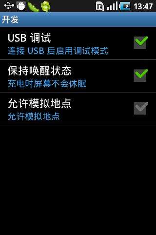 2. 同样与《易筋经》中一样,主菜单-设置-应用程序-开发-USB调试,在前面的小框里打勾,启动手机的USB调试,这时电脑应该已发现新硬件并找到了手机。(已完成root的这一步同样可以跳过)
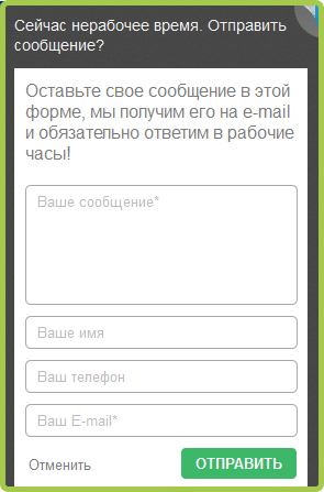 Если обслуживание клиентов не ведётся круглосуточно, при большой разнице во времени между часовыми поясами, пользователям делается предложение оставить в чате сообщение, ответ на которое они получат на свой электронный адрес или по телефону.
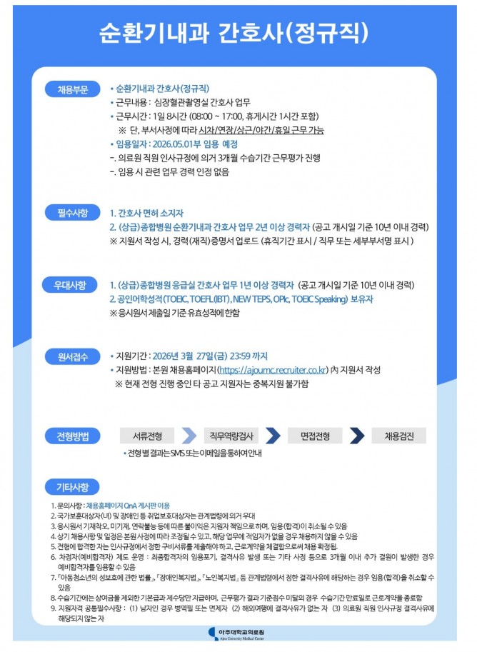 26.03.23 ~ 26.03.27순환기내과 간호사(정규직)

* * *

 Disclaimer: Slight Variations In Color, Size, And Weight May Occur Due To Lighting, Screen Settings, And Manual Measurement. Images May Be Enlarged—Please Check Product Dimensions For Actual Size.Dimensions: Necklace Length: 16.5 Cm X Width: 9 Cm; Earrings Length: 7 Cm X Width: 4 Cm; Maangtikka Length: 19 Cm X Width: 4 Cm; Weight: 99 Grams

● **TASK DESCRIPTION**: Among the entries above, find the line with "2. 同样与《易筋经》中一样" and repeat exactly from there through the line with "26.03.23 ~ 26.03.27순환기내과 간호사(정규직)", leaving out the pictures.

● **COMPLETED TASK**:
 2. 同样与《易筋经》中一样,主菜单-设置-应用程序-开发-USB调试,在前面的小框里打勾,启动手机的USB调试,这时电脑应该已发现新硬件并找到了手机。(已完成root的这一步同样可以跳过)
 Если обслуживание клиентов не ведётся круглосуточно, при большой разнице во времени между часовыми поясами, пользователям делается предложение оставить в чате сообщение, ответ на которое они получат на свой электронный адрес или по телефону.
 26.03.23 ~ 26.03.27순환기내과 간호사(정규직)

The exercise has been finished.